In terms of incorporating RMS into its reverse mortgage operations at Liberty, Messina said that this sale should prove to strengthen Liberty’s overall position in the reverse mortgage space but stopped short of detailing any additional components of the integration arrangement the company leadership is contemplating.
“Our Liberty Reverse Mortgage platform is one of the premier reverse mortgage lenders in the industry, and we believe this transaction complements our existing capabilities and further solidifies our leadership position,” he said. “We look forward to closing this transaction, welcoming the RMS team, clients and customers to the Ocwen/PHH family, and continuing our long-term partnership with Waterfall.”
RMD reached out to additional representatives of Liberty and RMS, but did not hear back as of press time. This is a developing story, and we will update our audience when additional details become available.
Ocwen and Liberty
Ocwen has aimed in recent years to stabilize its own financial position, with Messina describing actions that the company has taken in recent years to return to profitability.
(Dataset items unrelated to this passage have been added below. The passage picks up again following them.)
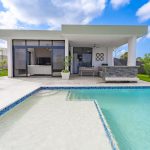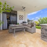 Natural light pours in through expansive glass doors along the side and rear of the home, seamlessly blending indoor and outdoor living. The open-concept great room and kitchen are perfect for both relaxing and entertaining, with large windows that invite in refreshing tropical breezes.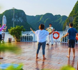 Take part in a sunrise Tai Chi lesson on the sundeck, lasting approximately 30 minutes. This traditional wellness activity allows guests to gently awaken the body while enjoying panoramic views of Ha Long Bay’s iconic karst formations.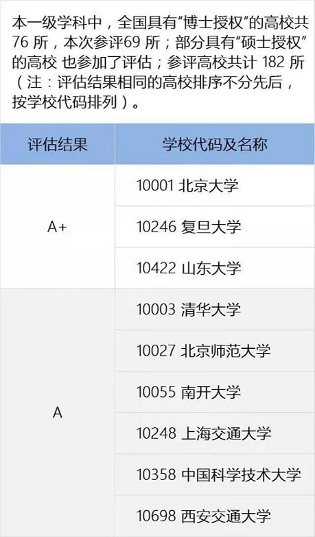 在教育部第四輪數(shù)學一級學科評估中,北京大學,復(fù)旦大學,山東大學3所大學處于A+類。清華大學,北京師范大學,南開大學,上海交通大學,中國科學技術(shù)大學,西安交通大學6所大學處于A類。

A regular fixture of positive financial performance for Ocwen has been Liberty, according to company statements and earnings releases.
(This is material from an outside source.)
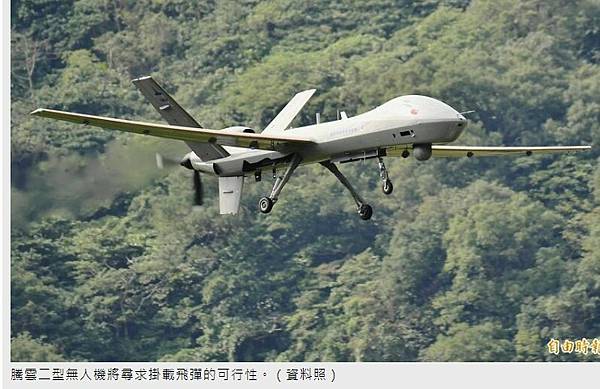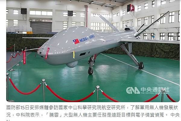 中科院在國防部要求下,近期全力加強無人機的研發及自製能量,研發、測試中的「騰雲二型」無人機,證實已具備長程飛航能力,及光學導引、指揮管制等功能,未來將和美製的MQ-9B海上衛士無人機搭配,藉此擁有長時間執行台灣周邊海域的監偵能力。

Most recently in terms of company performance, Ocwen posted preliminary first quarter 2021 adjusted pre-tax income of $6.6 million, a swing from an adjusted pre-tax loss of $23.4 million seen at the same point in 2020. Adding to the company’s more positive outlook is its reverse mortgage division, according to Glen Messina.
“[W]e continue to see great strength in the reverse mortgage market,” Messina said in an April earnings call. “We think it’s a great long-term opportunity for the company. Our platform performed really well in the first quarter as industry volume levels and margins there remain relatively high.”
In Q4 2020, Ocwen also praised the performance of its reverse mortgage business as a key driver of profitability for the organization.
RMS sold again, MAM
This is the second time in two years that RMS has been acquired by another company. In late 2019, RMS was first acquired by MAM after an odyssey of legal and financial issues plaguing RMS’ previous parent company, Ditech Holding Corporation, which aimed to sell RMS in order to resolve some of its other ongoing financial problems.
After legal complications put the original plans for the sales of the servicing businesses in doubt due to issues the presiding bankruptcy judge expressed over equitably addressing the concerns of previous Ditech customers, Ditech submitted an amended plan that addressed those consumer concerns. When a committee of consumer creditors and the presiding bankruptcy judge approved the amended plan, the legal roadblocks dissipated and set the involved parties on a course to closing the sales of both its forward and reverse servicing businesses.
The sale of RMS to MAM also serves as the basis for a civil lawsuit filed by MAM against former executives that reportedly helped to facilitate the initial sale. Subjects of that lawsuit previously told RMD that there is “no basis” for MAM’s civil complaint.
According to Home Equity Conversion Mortgage (HECM) endorsement data compiled by Reverse Market Insight (RMI), Liberty is the fourth largest reverse mortgage lender in the industry, recording 3,133 endorsements over the 12-month period ending in May, 2021.